In a large bowl, with an electric mixer, beat sugar and butter until combined. Beat in egg, then molasses, until smooth. On low speed, gradually add flour mixture until a dough forms.
Drop rounded measuring teaspoonfuls of dough onto two ungreased (or parchment-lined) baking sheets, about 1 1/2 inches apart.
Bake until centers are dry to the touch, 12 to 15 minutes; rotate pans from top to bottom and front to back halfway through. Cool 1 minute on baking sheets; then transfer to a rack to cool completely.
Make Creamy Molasses Filling: Whisk 12 tablespoons (1 1/2 sticks) softened unsalted butter with 3 tablespoons light unsulfured molasses until smooth. Gradually whisk in 2 cups confectioners' sugar; whisk until smooth and spreadable. Makes 1 1/2 cups.

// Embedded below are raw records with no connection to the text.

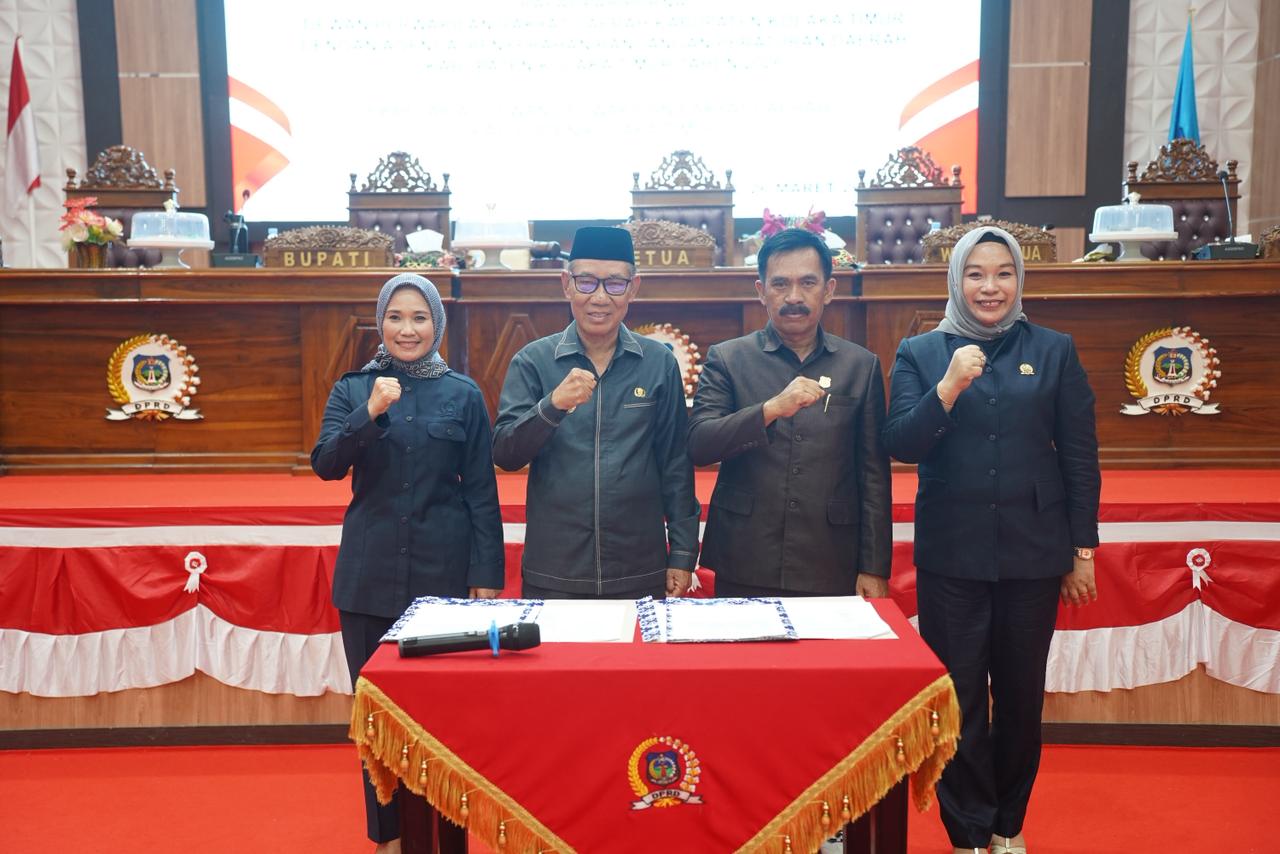 Dalam rapat tersebut dilakukan penyerahan sejumlah Raperda inisiatif sebagai bentuk komitmen bersama antara Pemda dan DPRD Koltim dalam memperkuat regulasi serta mendorong pembangunan daerah yang berkelanjutan di Koltim.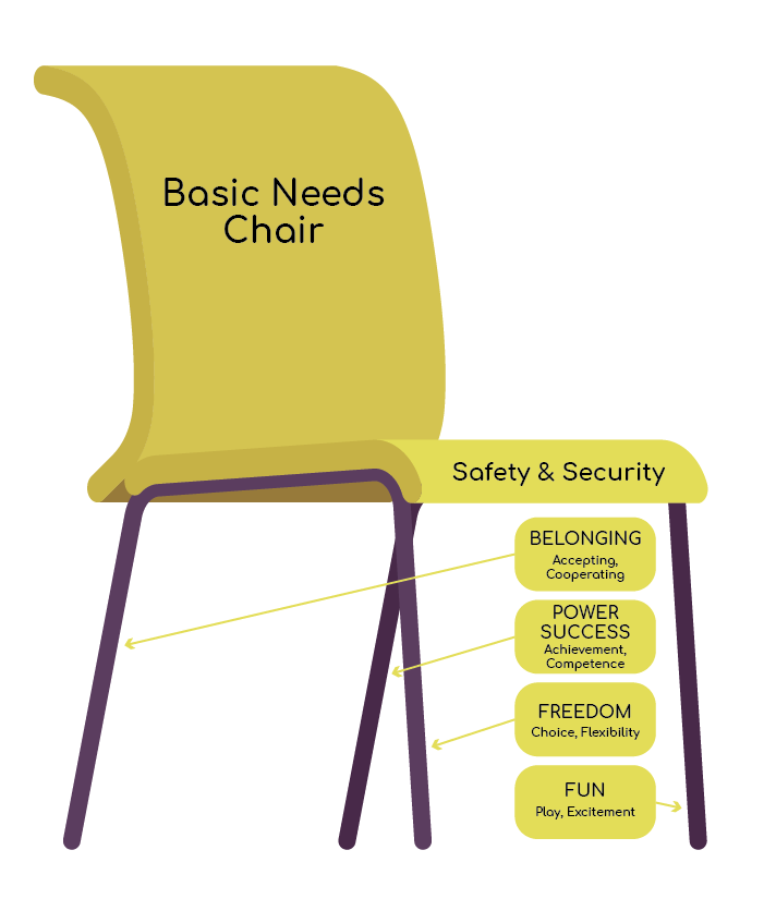 Our “Basic Needs Chair” tool supports self-awareness and agency by helping you reflect on the foundations of wellbeing. Inspired by William Glasser’s framework, the chair includes a seat, symbolizing Safety & Survival, and four legs representing Belonging, Power, Freedom, and Fun.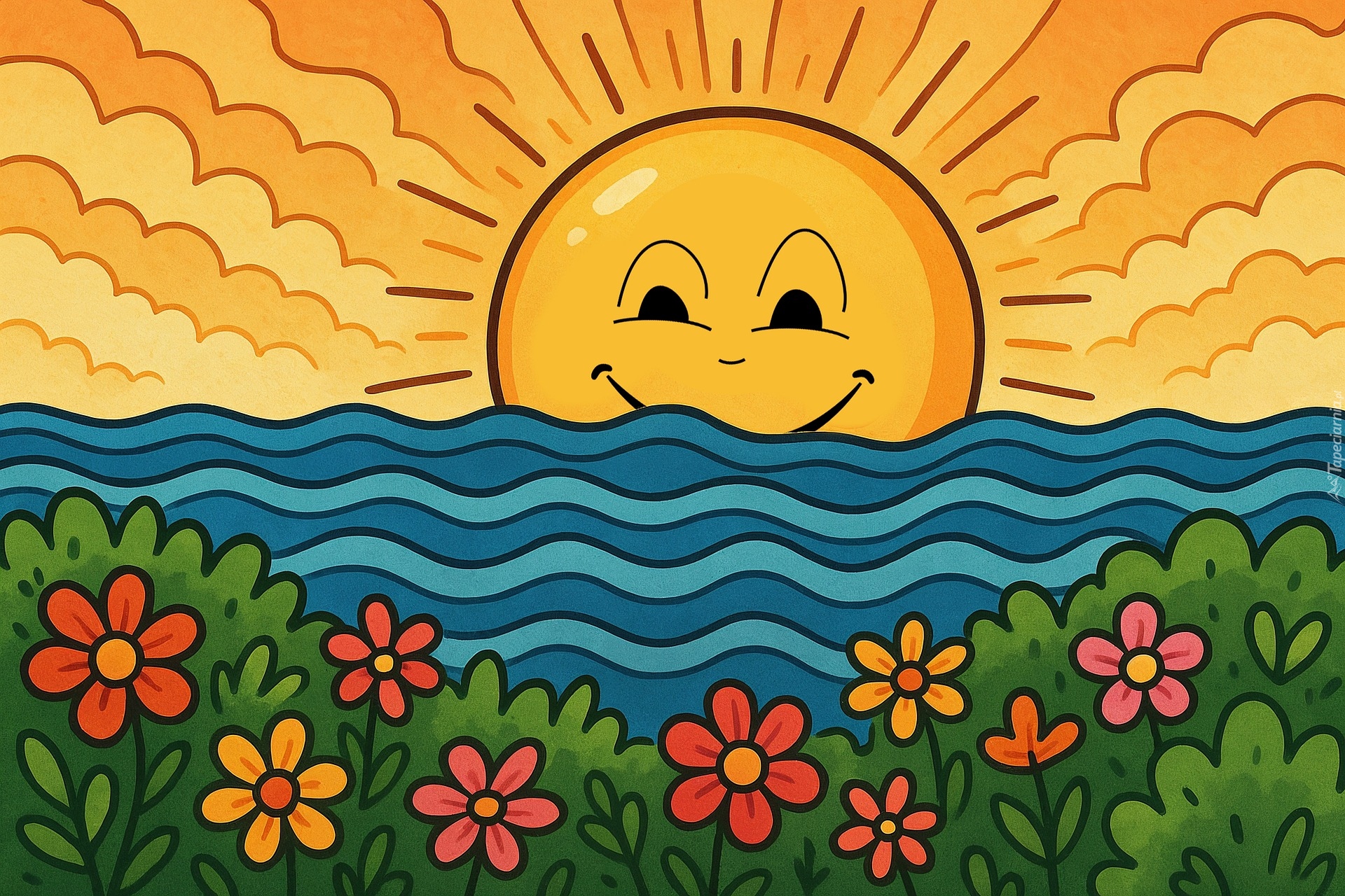 Edytor tapety: Wschodzące słońce w grafice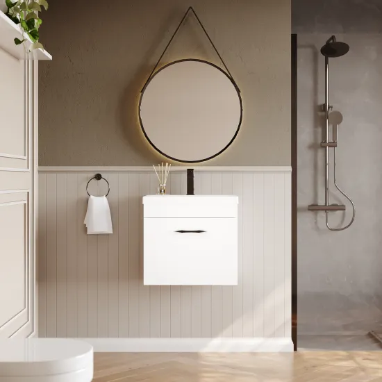 This sleek gloss white finish compliments any modern bathroom to create a designer look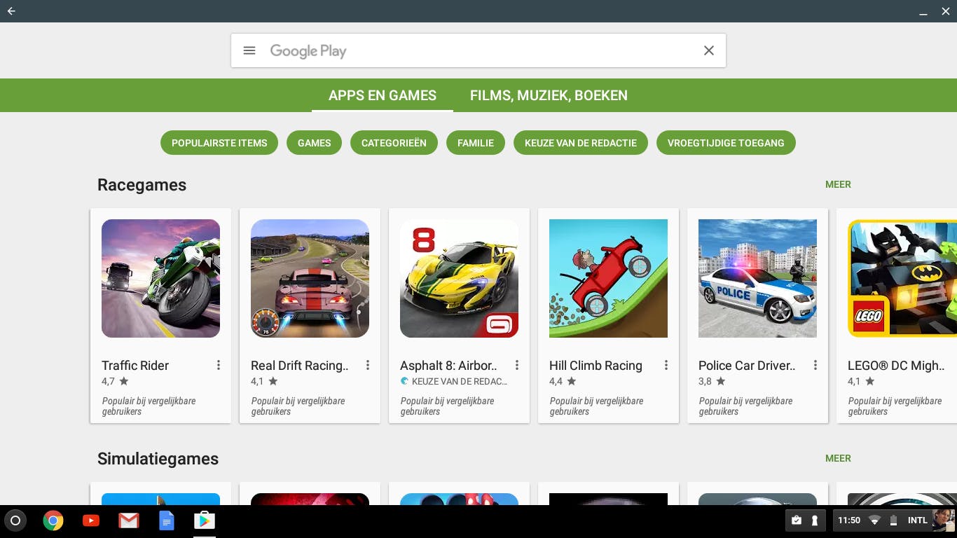Naast Chrome OS heeft Google met Android nog een eigen besturingssysteem. Android heeft als grote voordeel dat er veel apps waaronder spelletjes beschikbaar zijn, die je lokaal zonder internet kunt gebruiken. Misschien dat Google daarom begonnen is om Android binnen Chrome OS te laten draaien. De eerste Chromebooks waarop dat kan zijn Googles eigen Chromebook Pixel, Acers Chromebook R 11 en ASUS’ Chromebook Flip. Niet toevalligerwijs Chromebooks met een aanraakscherm. In 2017 staan ook andere Chromebooks op de lijst om Android te krijgen, de lijst vind je hier. Daar staan ook modellen zonder aanraakscherm tussen, alle modellen in deze test staan op de lijst. Het gaat op het moment van schrijven om Android 6.0.1. Android-apps staan na installatie in het menu tussen de normale Chrome OS-webapps. Android-apps draaien in het volledige scherm, het is niet mogelijk om het venster kleiner te slepen. Vrijwel alle Android-apps vind je terug in de Android Play Store. Jammer is wel dat Microsoft op het moment van testen besloot om de gratis Microsoft Office-tabletapps terug te trekken op de Chromebooks. Deze bleken namelijk prima geschikt om bijvoorbeeld Word offline te gebruiken. Naast optimalisatie is een andere reden van de terugtrekking dat de doorsnee Chromebooks een scherm van 11,6 inch of groter heeft. Microsoft wil op apparaten met een scherm groter dan 10,1 inch dat je een Office 365-abonnement afsluit en dat werkte nog niet op de Chromebooks. De apps zullen wel weer terugkeren in de Android-store op Chromebooks en vereisen dan op de meeste Chromebooks een abonnement.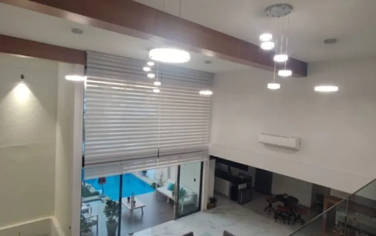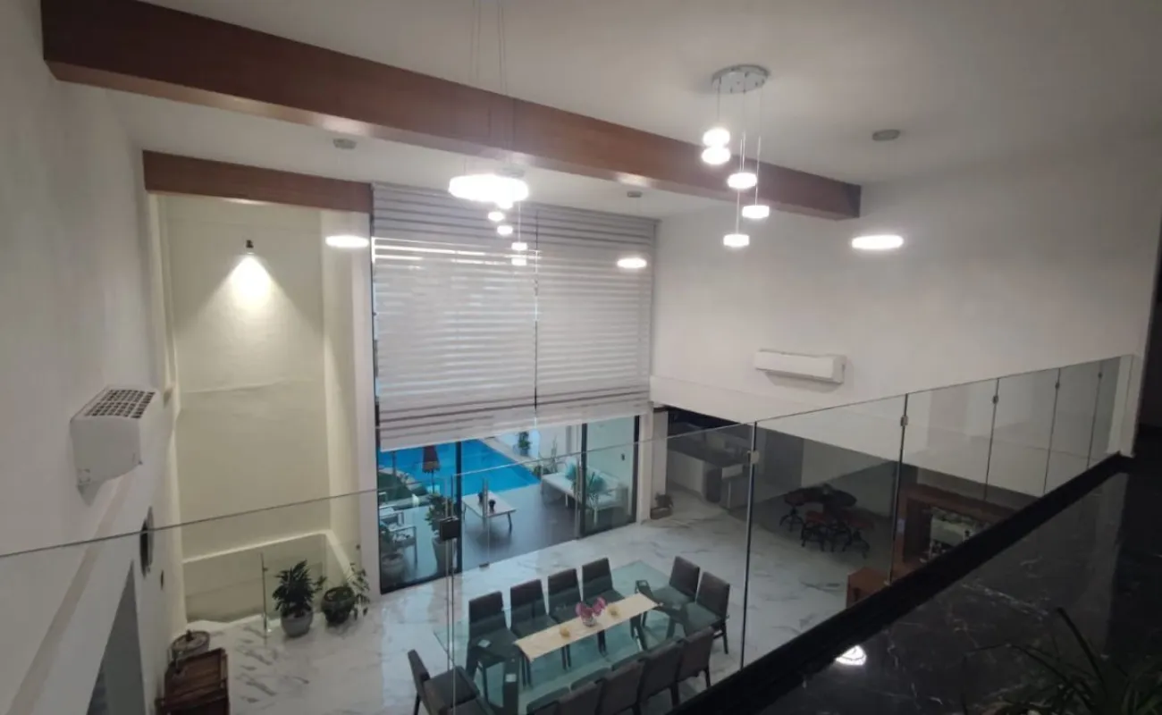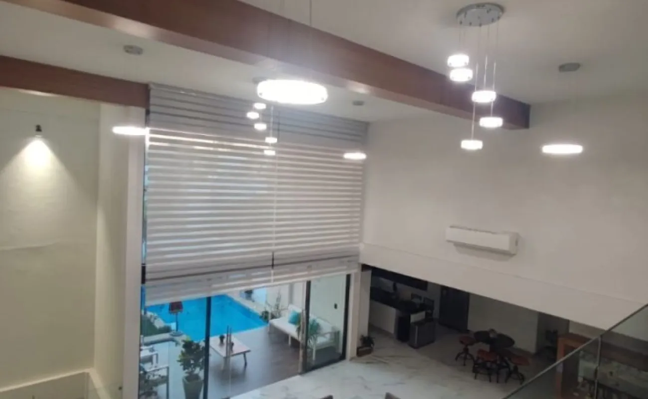 equipamiento con paneles solares para captación de luz, toda la residencia cuenta con aire acondicionado y cortinas con black out.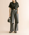 ・膝下の切りっぱなしデザインがポイントのワイドパンツ。

Spread a rounded measuring teaspoonful of Creamy Molasses Filling on the flat side of a cookie; place another cookie on top, and gently press. Repeat until all cookies are filled. Store in an airtight container at room temperature up to 1 day, or refrigerate up to 3 days (cookies may soften during refrigeration).